EXERCISE REQUIREMENTS: Beginning with the line that contains "Gran estar con", print each line to the end of the data exactly. Omit the pictures.

RECORD EXCERPTS:
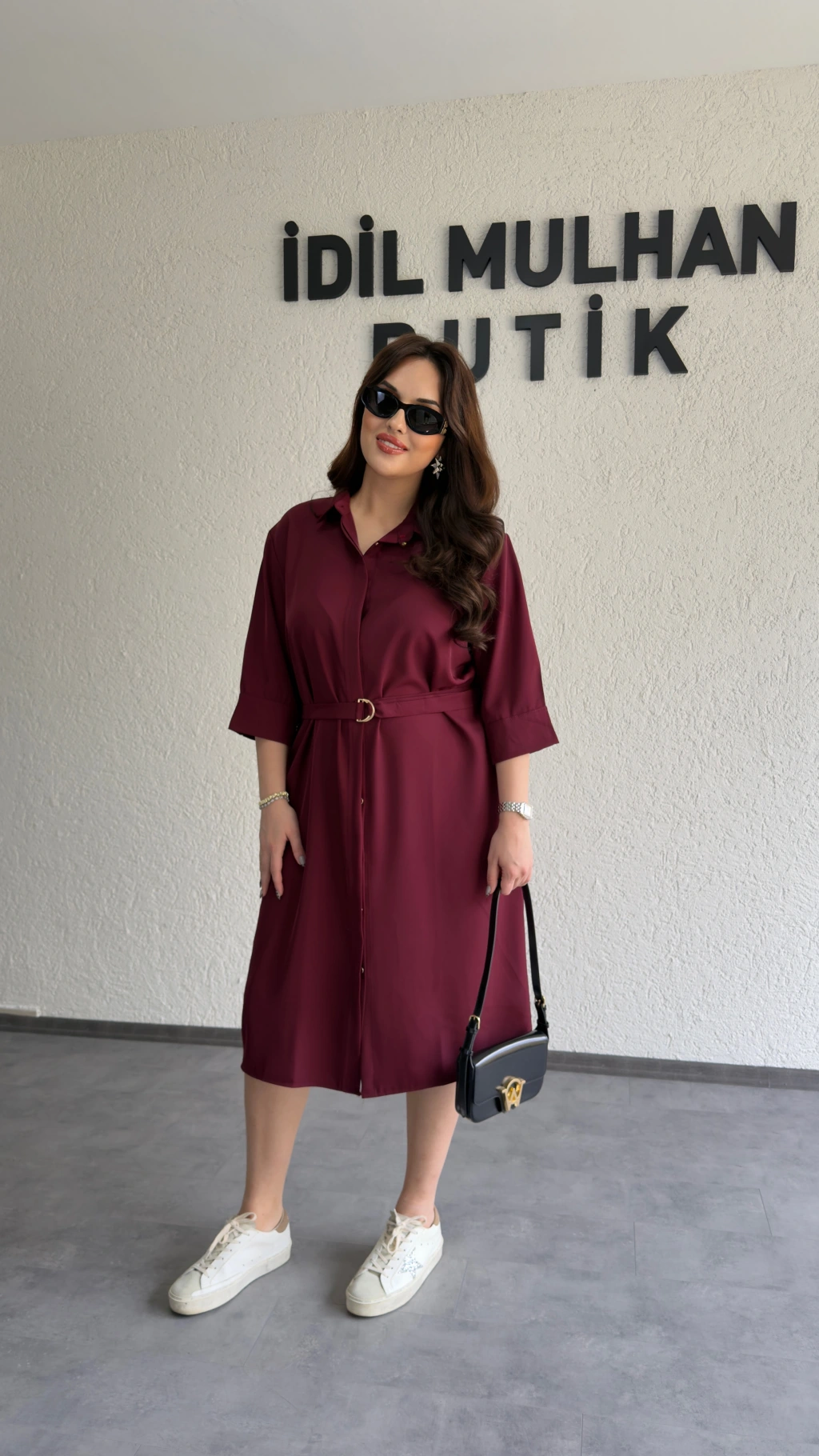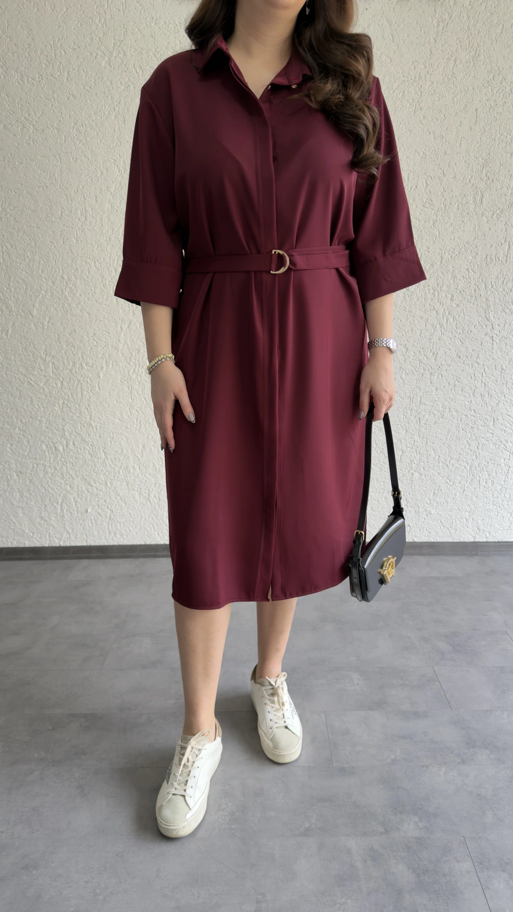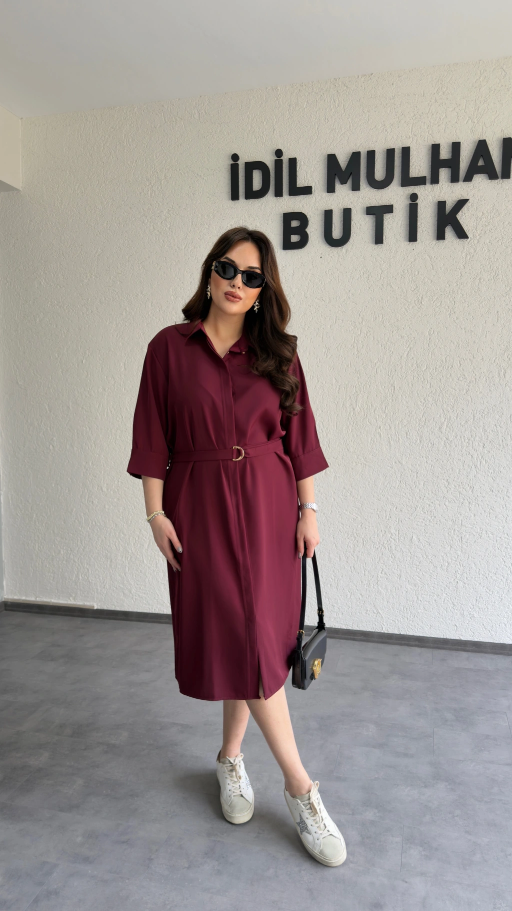 Bordo Kuşaklı Premium Gömlek Elbise
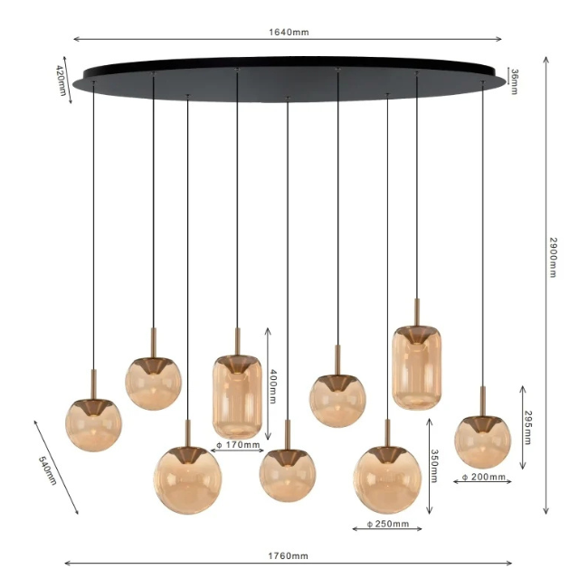 De combinatie van metaal en glas zorgt voor een luxe uitstraling, terwijl het amberglas het licht zacht filtert en warmte toevoegt aan de ruimte. Met een royale lengte van 165 cm en een hoogte tot 150 cm is deze hanglamp perfect geschikt boven een grote eettafel, kookeiland of vergadertafel.
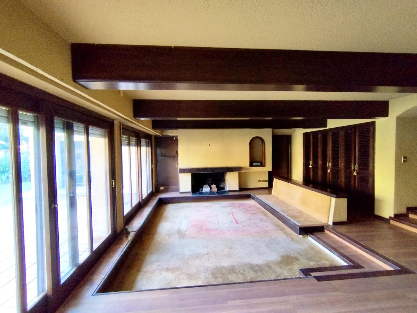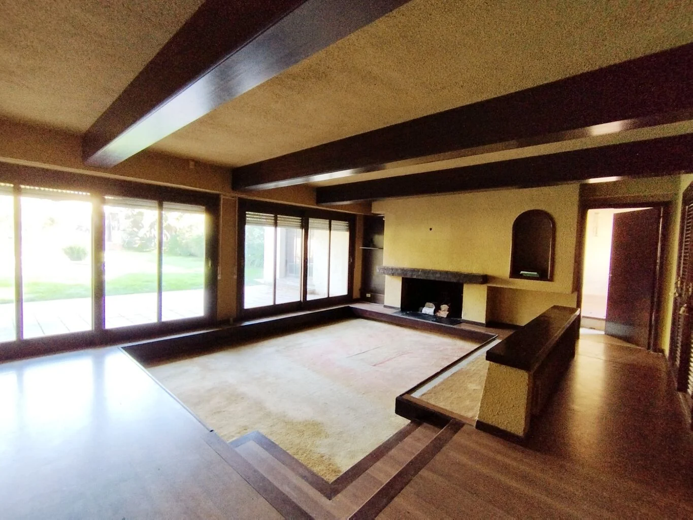 Gran estar con estufa leña con amplios ventanales que integra la terraza y el fondo, comedor diario.
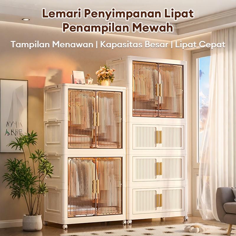 Ekstra Besar 80cm Lemari Lipat Putih Tebal Dengan Kapasitas Lemari Baju Storage Wardrobe Roda
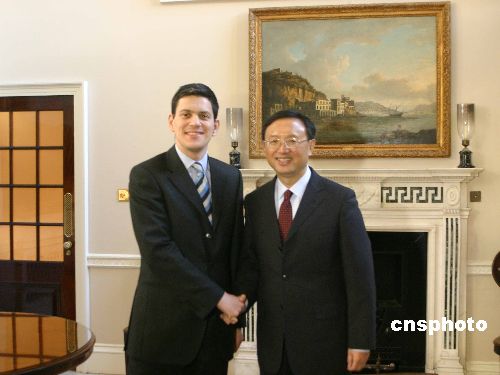 當(dāng)?shù)貢r(shí)間二月一日下午,陪同溫家寶總理訪英的中國外長楊潔篪在倫敦會晤英國外交大臣米利班德。中新社發(fā) 張朔 攝

SOLUTION TO THIS EXERCISE:
 Gran estar con estufa leña con amplios ventanales que integra la terraza y el fondo, comedor diario.
 Ekstra Besar 80cm Lemari Lipat Putih Tebal Dengan Kapasitas Lemari Baju Storage Wardrobe Roda
 當(dāng)?shù)貢r(shí)間二月一日下午,陪同溫家寶總理訪英的中國外長楊潔篪在倫敦會晤英國外交大臣米利班德。中新社發(fā) 張朔 攝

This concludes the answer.